Giulio d’Erasmo - From Eclipse to Theory: Advancing Dimension Importance Estimation for Information Retrieval
- Date: 29 septembre 2025 à 13h
- Salle: 65-66 304
Dense retrieval models rely on high-dimensional embeddings, but many dimensions encode noise rather than relevance, leading to suboptimal ranking. Dimension Importance Estimation (DIME) was recently proposed to mitigate this issue by identifying and retaining only informative dimensions. In this presentation, I will introduce Eclipse, a contrastive extension of DIME that leverages pseudo-irrelevant feedback. By constructing centroids from low-ranked documents and subtracting their contribution from relevant signals, Eclipse down-weights noisy features while highlighting semantically meaningful ones. This plug-in approach requires no retraining of the underlying retriever and achieves substantial effectiveness gains across multiple TREC benchmarks and state-of-the-art dense models (e.g., up to +22.9% MAP and +14.2% nDCG@10 over baselines).
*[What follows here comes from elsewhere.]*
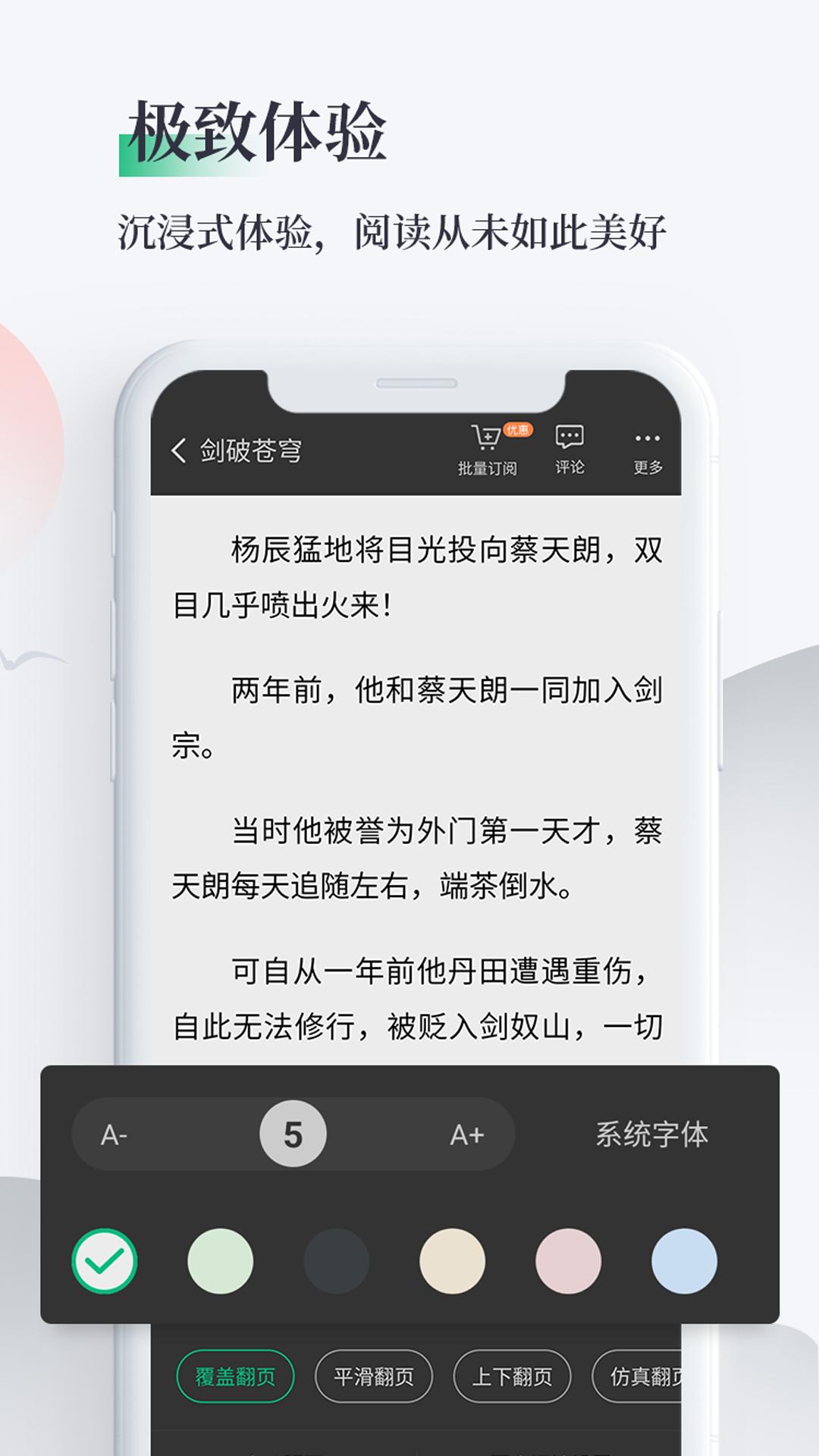 2.护眼模式:平台为用户设置贴心护眼模式,还能自定义亮度、背景、字体,保护用户用眼健康。

Building on this, my subsequent work was to provide a statistical formalisation of DIME, offering theoretical guarantees and motivating kernel-based weighting schemes as more consistent estimators than uniform baselines in IR, and providing a statistical framework to estimate in advance the number of dimensions to retain. Finally, I have an ongoing work when we are extending the DIME paradigm to recommender systems, where distinguishing informative signals from noisy features is equally crucial.